The deadline for responding to the consultation is 1 October 2021.

 

 

https://www.gov.uk/government/consultations/a-new-pro-competition-regime-for-digital-markets

 

Thursday, 15 July 2021

CMA fines for excessive and unfair pricing and market sharing in the supply of hydrocortisone tablets


The Competition and Markets Authority (CMA) has imposed fines totalling over £260 million for competition law violations in relation to the supply of hydrocortisone tablets.

Hydrocortisone is used to treat inflammatory skin conditions as well as Addison’s Disease, a rare adrenal glands disorder.

The CMA found that Auden Mckenzie and Actavis UK (now “Accord UK”) imposed on the NHS “excessive and unfair” prices for hydrocortisone tablets from 2008 to 2018.

The CMA further found that the companies paid generic suppliers to keep their rival products out of the UK market. It appears that this so called “pay for delay” element of the case was a significant factor in the high prices. The CMA states that the NHS was at one point being charged over £80 for a single pack of tablets that had previously cost less than £1.

The decision represents the most significant and authoritative UK competition case to date on excessive pricing (at least until there is a new decision in the Pfizer/Flynn case). This has traditionally been one of the more difficult areas of competition law infringement to establish. The case comes as a warning shot that the CMA will not shy away from bringing a competition case in respect of excess pricing where it believes that consumers (here, the NHS and the taxpayer) are paying over the odds because the market is deprived from new (generic) entry.

https://www.gov.uk/government/news/cma-finds-drug-companies-overcharged-nhs


#pharmacompetition

Thursday, 8 July 2021

Commission fines car manufacturers €875 million for restricting competition in emission cleaning

 

Commission fines car manufacturers €875 million for restricting competition in emission cleaning

The European Commission has found that Daimler, BMW and Volkswagen group (Volkswagen, Audi and Porsche) violated EU competition law by colluding on technical development in the area of nitrogen oxide cleaning.
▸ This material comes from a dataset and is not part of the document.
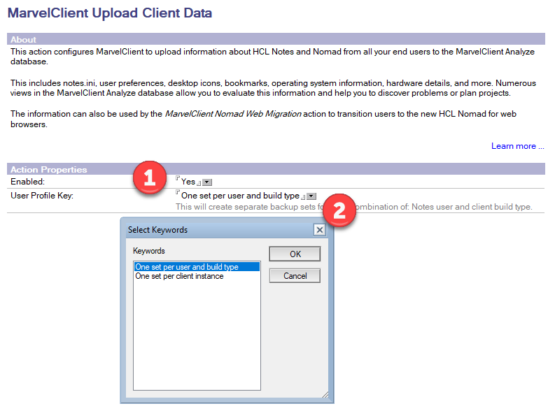 The MarvelClient Upload Client Data Action in the Domino Directory updates Notes client Analyze and Nomad Web Migration data into your MarvelClient database every time end users login to and shutdown their Notes clients. IMPORTANT The MarvelClient Upload Client Data Action requires a saved and properly configured Simplified Installation document, so that it knows where to find the Analyze database!

The Commission imposed penalties of €875,189,000.

Daimler avoided a fine which would have amounted to around €727 million..  As the leniency applicant it revealed the existence of the cartel to the Commission.  

The Commission applied a reduction of 10% of the fines of all parties under the 2008 Settlement Notice in view of the acknowledgment of their participation in the cartel.

The Commission found that the parties colluded from June 2009 to October 2014 by indicating to each other that none of them would aim above the minimum standards required by law.  Interestingly the Commission abandoned some of its earlier allegations where it found insufficient evidence to substantiate them.  The Commission did not pursue that part of its case that the collusion also affected petrol cars.

The decision is aligned with the Commission’s Green Deal agenda even if it is not presented as such. However this does not mean that all cooperation on green technical development is a hardcore infringement and the Commission will need to provide guidance so as to distinguish what is flagrantly anti-competitive and what might be pro-competitive on a balancing of the benefits and risks to competition.